Most template languages require you to explicitly encode data that may contain reserved characters. Kid takes the opposite approach and assumes that all content is textual and should be encoded unless you explicitly state that something is XML (in which case it must be well-formed).

There’s also some interesting features around serializing the resulting XML infoset with different variations. For example, you can author templates in XHTML 1.0 and output in HTML 4.01. The output serializer takes care of all the little quirks for things like empty elements, non-escaping of SCRIPT and STYLE content, boolean attributes, etc. The result is a clean authoring environment and an ultra conservative output format. I bring this up in the context of web services infrastructure only to show that the ability to filter template output can be very useful when dealing with different types of user agents.

All this to say that if you’re looking for “Web Services Infrastructure” for exposing processes and information, you’re probably looking to hard. If you have a database, templating, and a web server, you have most of the infrastructure and framework required to begin exposing information from each of your systems in a proven and established way.
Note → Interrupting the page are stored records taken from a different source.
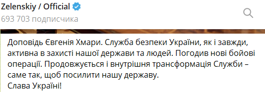 Перед этим Зеленский назначил Евгения Хмару исполняющим обязанности главы СБУ. Бывший пресс-секретарь СБУ Станислав Речинский сообщал, что Хмара - "автор и организатор дроновых атак" на Россию, в том числе операции "Паутина" - атаки на стратегическую авиацию РФ.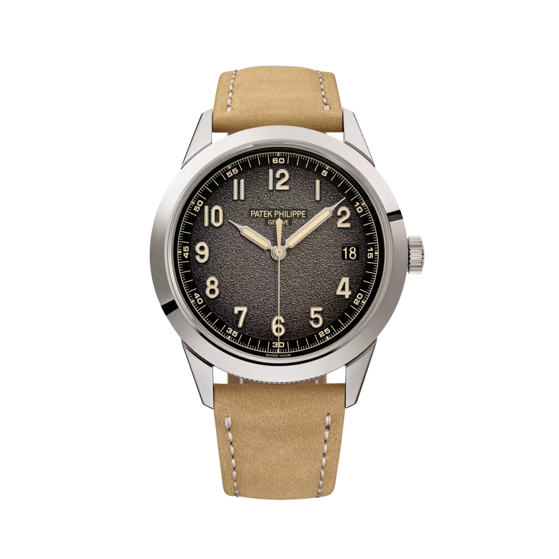 PRE-OWNED PATEK PHILIPPE CALATRAVA WITH DATE WINDOW AND SWEEPING SECOND HAND, GRAY GRADIENT DIAL, WHITE GOLD CASE, AND BEIGE CALFSKIN STRAP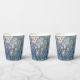 Elegant iridescent Lily of the Valley paper cups with Lovely Lily of the Valley floral. Background is beautiful shades of blue, purple pink, and lavender.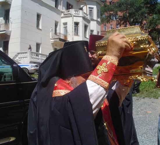 Владивосток. В празднике по случаю принесения православных святынь участвует все православное духовенство Приморья. Они сопровождают святыню во время ее пребывания в краевом центре. Сегодня ковчег с мощами святых Елисаветы и Варвары в торжественном кортеже перенесен из Марфо-Мариинской обители в храм Успения Божией Матери, что на улице Светланской, где до 1937 года стоял Кафедральный собор города, разрушенный в годы гонений на церковь.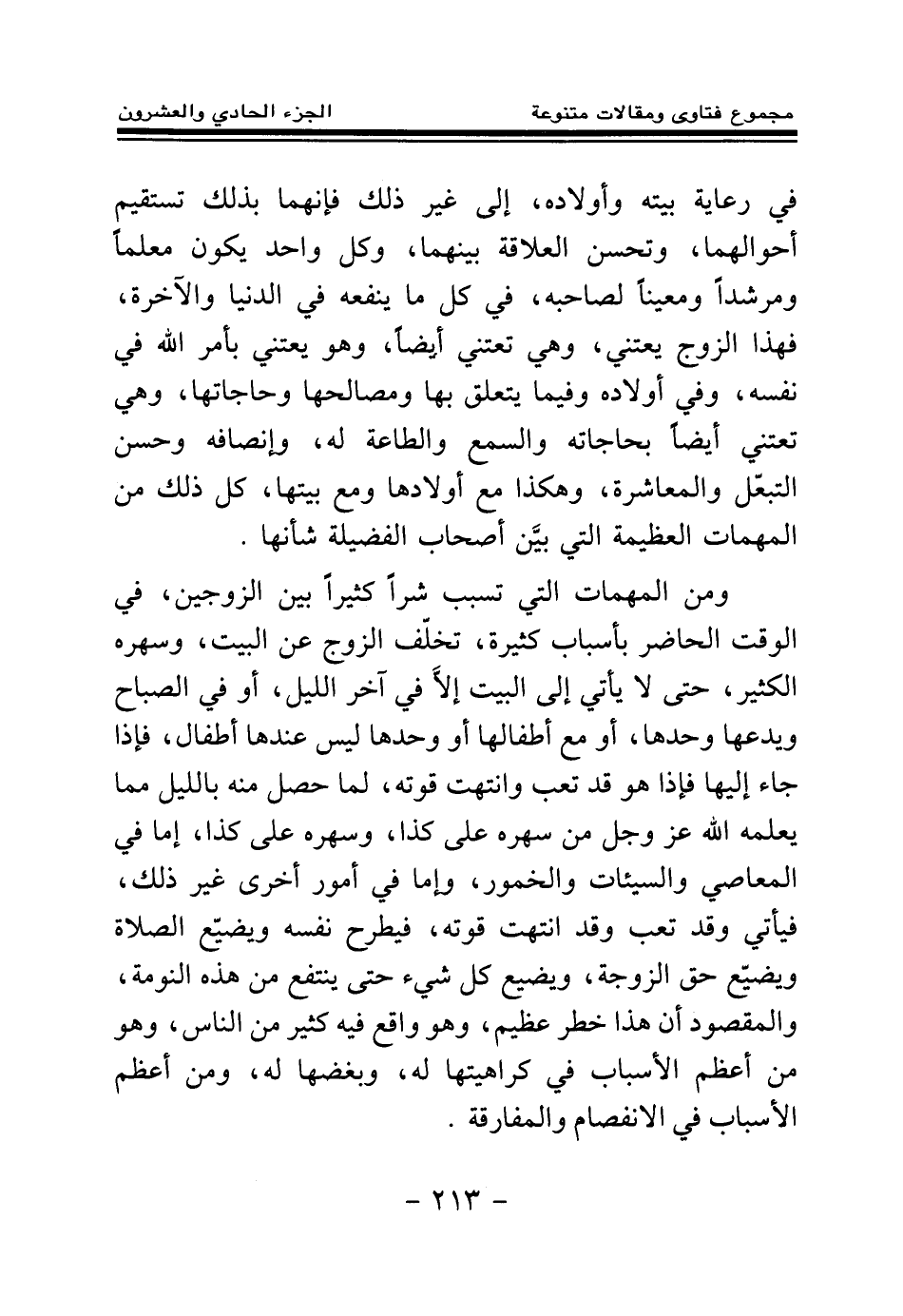 ومن المهمات التي تسبب شرا كثيرا بين الزوجين، في الوقت الحاضر بأسباب كثيرة، تخلف الزوج عن البيت، وسهره الكثير، حتى لا يأتي إلى البيت إلا في آخر الليل، أو في الصباح ويدعها وحدها، أو مع أطفالها، أو وحدها ليس عندها أطفال، فإذا جاء إليها فإذا هو قد تعب وانتهت قوته لما حصل منه بالليل مما يعلمه الله عز وجل من سهره على كذا، وسهره على كذا، إما في المعاصي والسيئات والخمور، وإما في أمور أخرى غير ذلك، فيأتي وقد تعب وقد انتهت قوته، فيطرح نفسه ويضيع الصلاة ويضيع حق الزوجة، ويضيع كل شيء حتى ينتفع من هذه النومة، والمقصود أن هذا خطر عظيم، وهو واقع فيه كثير من الناس، وهو من أعظم الأسباب في كراهيتها له وبغضها له، ومن أعظم الأسباب في الانفصام والمفارقة.

What you want to be on the lookout for are small and specific enhancements to these existing pieces that allow you to interact with other machines in a more predictable manner or in new and different ways.

The next time someone is selling you infrastructure for Web Services, or SOA, or ESB, or whatever they’ll call it next, make sure you ask “Why?” After they tell you, make sure you understand, agree, and have the problems they propose to solve. If not, ask again. New framework and infrastructure is extremely expensive in more ways than one: you have to ramp people on it and then deploy, manage, monitor, and support it. Sometimes new infrastructure is unavoidable but when it overlaps a large portion of your existing infrastructure, you should make sure it’s bringing back a significant return.